At the same time, I think Duhalde’s critique of my piece Socialist Strategy and the Biden Debate mischaracterizes my argument. My article did not take issue with the idea that DSA could make its main electoral contribution in 2020 by focusing on turning out votes for down-ballot candidates. It was a critique of DSA’s decision that as a national organization it would resist incorporating a vote-to-defeat Trump message into that work and would take no part in any alignment where calling for a vote for Biden to beat Trump was a point of unity.

Duhalde’s article is explicit about the importance of beating Trump: he writes that both he and I “want Biden to resoundly defeat Trump and [we agree] that a Democratic administration would be better for working people.” And part of his argument for focusing on local electoral races is that these priorities would be “the best things DSA can do to defeat Trump.”

What is not said is that while he holds these views, they are not the position of National DSA. DSA’s view remains the “Bernie or Bust” position adopted at its 2019 Convention. Even as the racist and anti-democratic actions of the Trump administration escalated, when a proposal was offered to the national leadership to “ask members in swing states to consider voting for Biden” (not to endorse or vote for him, but just to consider the proposition), it was voted down 13-4. And the fact that it was even raised for discussion was criticized by the original author of the 2019 “Bernie or Bust” resolution as a violation of democracy within the organization.

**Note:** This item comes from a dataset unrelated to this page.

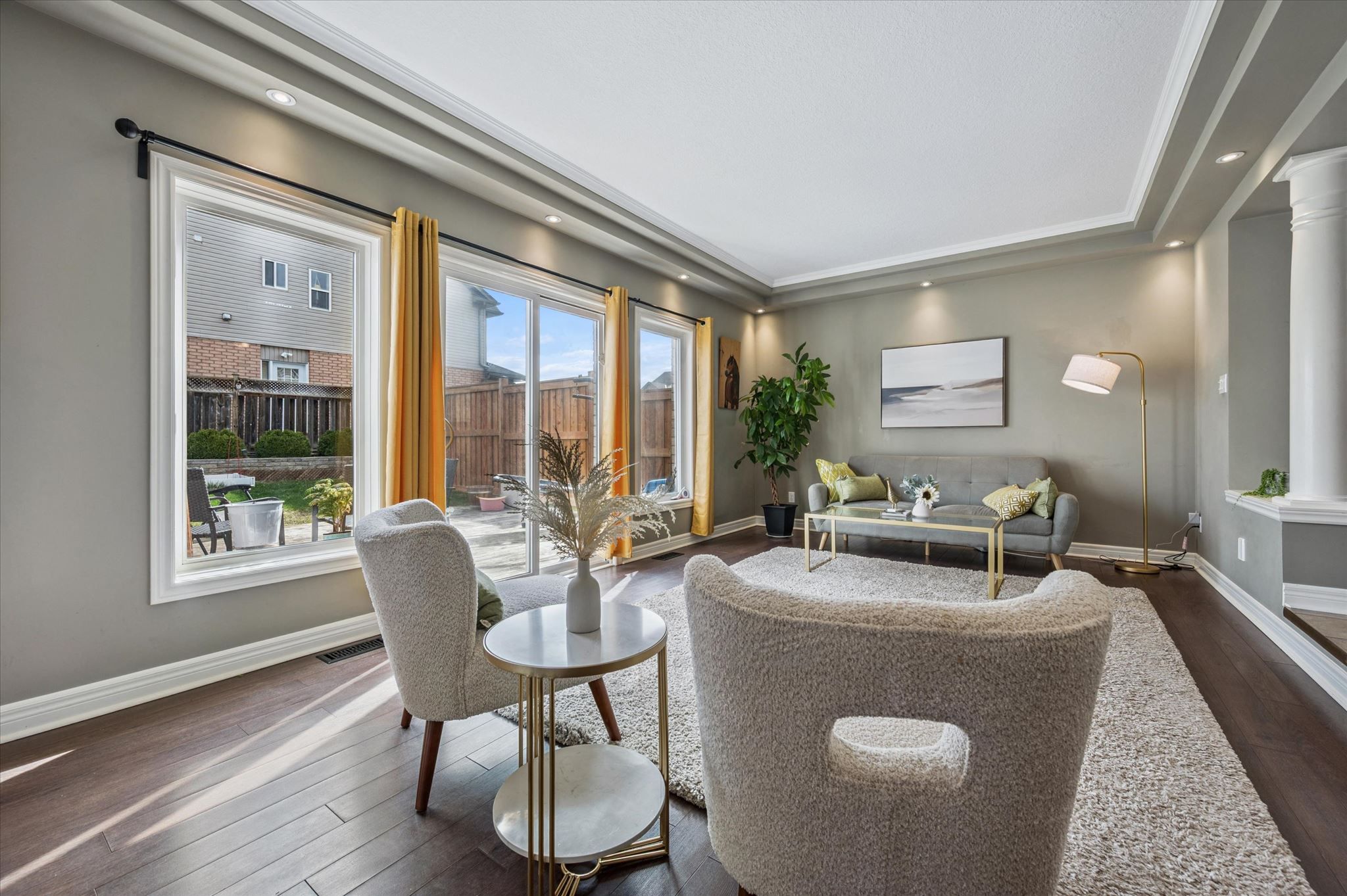• Bright living room with large windows and sliding door to backyard deck.
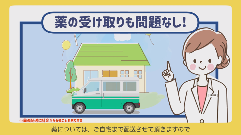 ※パソコンやスマートフォン等を用いたビデオ通話にて薬剤師からお薬の説明を受けてご自宅でお薬を受け取ることができます。

Further, at the time my article was written, motion toward partnerships, coordination and common messaging among different progressive groups in an anti-Trump effort was apparent. Steps in that direction are accelerating as the racism and lies from the Trumpified GOP have increasingly turned into a one-note “Get your guns, the Black are coming” campaign. I doubt the UnitedAgainstTrump effort, which includes the Working Families Party, Our Revolution, Mijente, Black Voters Matter and other groups, will be the last to emerge. But unless DSA’s policy is changed, as a national organization it stands aside from such efforts.

It seems to me that incorporating an explicit vote-Biden-to-beat-Trump component into DSA policy would be a plus for both the left overall and for DSA. Tapping into the anger at (and fear of) Trump in key constituencies, adding that message to the top-priority work done at the local level strengthens, not weakens, those efforts. Such a stance would facilitate building closer relationships with the many progressive groups and circles, especially those rooted in communities of color and in labor, who are going all-out against Trump. It can make a difference in the outcome in a few battleground states. That policy would align with, and strengthen the hand of, the vast majority of elected officials that Duhalde correctly says will be key to demonstrating that socialists and other radicals can be effective at solving the real problems their constituencies face.

All these steps are completely consistent with the anti-Trump politics that infuse Duhalde’s article. I hope that the perspective in his article over time becomes the national policy of DSA.